Data excerpts
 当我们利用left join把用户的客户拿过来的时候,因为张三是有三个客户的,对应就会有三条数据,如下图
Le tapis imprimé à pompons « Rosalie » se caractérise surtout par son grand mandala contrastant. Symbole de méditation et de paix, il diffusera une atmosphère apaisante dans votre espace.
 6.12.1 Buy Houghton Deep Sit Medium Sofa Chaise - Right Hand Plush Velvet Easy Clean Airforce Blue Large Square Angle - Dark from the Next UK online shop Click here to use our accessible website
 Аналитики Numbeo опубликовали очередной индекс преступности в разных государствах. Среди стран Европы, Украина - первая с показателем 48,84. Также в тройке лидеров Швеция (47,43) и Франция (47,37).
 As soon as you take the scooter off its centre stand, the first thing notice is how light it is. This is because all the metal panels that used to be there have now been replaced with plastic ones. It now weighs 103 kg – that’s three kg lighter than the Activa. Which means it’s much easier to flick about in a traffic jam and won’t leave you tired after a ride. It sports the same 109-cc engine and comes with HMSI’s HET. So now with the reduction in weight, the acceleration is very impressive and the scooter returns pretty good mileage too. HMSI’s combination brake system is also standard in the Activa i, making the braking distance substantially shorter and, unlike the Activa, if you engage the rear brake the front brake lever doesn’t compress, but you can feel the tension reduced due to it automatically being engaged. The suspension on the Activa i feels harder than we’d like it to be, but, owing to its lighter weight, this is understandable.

--

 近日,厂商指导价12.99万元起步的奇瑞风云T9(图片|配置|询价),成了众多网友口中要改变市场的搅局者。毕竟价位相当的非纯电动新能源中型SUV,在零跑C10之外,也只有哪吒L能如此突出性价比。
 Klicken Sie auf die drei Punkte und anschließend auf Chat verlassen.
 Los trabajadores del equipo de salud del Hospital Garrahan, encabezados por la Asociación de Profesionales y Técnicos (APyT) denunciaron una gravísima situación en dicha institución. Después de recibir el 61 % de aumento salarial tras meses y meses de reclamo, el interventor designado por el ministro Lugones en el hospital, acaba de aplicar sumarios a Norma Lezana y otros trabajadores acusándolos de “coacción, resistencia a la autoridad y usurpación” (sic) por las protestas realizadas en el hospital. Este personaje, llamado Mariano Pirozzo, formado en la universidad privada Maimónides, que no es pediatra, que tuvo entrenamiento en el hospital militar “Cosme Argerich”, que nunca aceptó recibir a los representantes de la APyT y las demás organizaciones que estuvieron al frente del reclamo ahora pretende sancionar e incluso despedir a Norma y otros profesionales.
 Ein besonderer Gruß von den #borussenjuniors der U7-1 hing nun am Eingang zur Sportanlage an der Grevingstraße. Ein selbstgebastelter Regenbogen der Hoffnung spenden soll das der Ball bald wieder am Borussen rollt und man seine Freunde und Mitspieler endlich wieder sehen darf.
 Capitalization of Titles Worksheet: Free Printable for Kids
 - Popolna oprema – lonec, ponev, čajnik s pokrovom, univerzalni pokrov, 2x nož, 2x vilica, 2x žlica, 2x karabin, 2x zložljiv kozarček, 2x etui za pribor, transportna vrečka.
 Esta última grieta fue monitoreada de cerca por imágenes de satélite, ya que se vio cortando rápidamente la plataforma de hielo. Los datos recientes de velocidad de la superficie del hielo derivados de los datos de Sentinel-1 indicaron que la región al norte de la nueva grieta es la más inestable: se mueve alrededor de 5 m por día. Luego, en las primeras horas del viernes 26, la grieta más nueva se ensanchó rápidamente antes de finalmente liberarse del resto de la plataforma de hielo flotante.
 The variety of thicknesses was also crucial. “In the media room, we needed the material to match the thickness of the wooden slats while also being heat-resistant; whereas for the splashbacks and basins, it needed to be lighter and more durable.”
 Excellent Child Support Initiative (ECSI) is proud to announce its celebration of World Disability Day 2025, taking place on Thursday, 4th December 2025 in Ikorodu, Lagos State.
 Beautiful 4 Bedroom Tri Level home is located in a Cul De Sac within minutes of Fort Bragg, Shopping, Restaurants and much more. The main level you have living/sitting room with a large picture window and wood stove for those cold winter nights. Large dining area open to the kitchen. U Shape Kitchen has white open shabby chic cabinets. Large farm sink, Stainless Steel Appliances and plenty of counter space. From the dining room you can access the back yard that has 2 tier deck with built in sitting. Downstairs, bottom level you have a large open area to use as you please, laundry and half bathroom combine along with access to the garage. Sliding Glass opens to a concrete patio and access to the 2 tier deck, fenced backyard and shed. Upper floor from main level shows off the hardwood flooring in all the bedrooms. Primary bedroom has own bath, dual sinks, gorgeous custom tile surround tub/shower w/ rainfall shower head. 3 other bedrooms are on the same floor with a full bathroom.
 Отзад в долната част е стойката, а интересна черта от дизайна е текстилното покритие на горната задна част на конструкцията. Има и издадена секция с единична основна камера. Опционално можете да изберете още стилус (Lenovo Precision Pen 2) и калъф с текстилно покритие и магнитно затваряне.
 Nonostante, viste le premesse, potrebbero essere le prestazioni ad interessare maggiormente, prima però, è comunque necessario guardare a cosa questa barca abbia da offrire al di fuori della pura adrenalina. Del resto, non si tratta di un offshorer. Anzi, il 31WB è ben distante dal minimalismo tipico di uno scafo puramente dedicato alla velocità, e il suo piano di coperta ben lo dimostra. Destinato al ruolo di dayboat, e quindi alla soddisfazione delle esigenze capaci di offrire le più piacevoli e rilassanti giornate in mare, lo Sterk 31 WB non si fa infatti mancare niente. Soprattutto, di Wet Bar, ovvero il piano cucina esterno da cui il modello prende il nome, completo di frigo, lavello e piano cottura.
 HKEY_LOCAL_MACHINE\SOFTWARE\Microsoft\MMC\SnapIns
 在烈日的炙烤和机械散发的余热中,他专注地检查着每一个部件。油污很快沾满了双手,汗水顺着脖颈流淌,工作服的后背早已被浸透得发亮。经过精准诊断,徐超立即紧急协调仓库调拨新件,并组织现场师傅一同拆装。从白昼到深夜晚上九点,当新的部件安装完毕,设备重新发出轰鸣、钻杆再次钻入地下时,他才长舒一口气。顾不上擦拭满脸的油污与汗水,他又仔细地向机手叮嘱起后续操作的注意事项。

Task details:
From the data above, reproduce word for word the lines running from the line with "HKEY_LOCAL_MACHINE\SOFTWARE\Microsoft\MMC\SnapIns" to the line with "在烈日的炙烤和机械散发的余热", ends included.

Task solution:
 HKEY_LOCAL_MACHINE\SOFTWARE\Microsoft\MMC\SnapIns
 在烈日的炙烤和机械散发的余热中,他专注地检查着每一个部件。油污很快沾满了双手,汗水顺着脖颈流淌,工作服的后背早已被浸透得发亮。经过精准诊断,徐超立即紧急协调仓库调拨新件,并组织现场师傅一同拆装。从白昼到深夜晚上九点,当新的部件安装完毕,设备重新发出轰鸣、钻杆再次钻入地下时,他才长舒一口气。顾不上擦拭满脸的油污与汗水,他又仔细地向机手叮嘱起后续操作的注意事项。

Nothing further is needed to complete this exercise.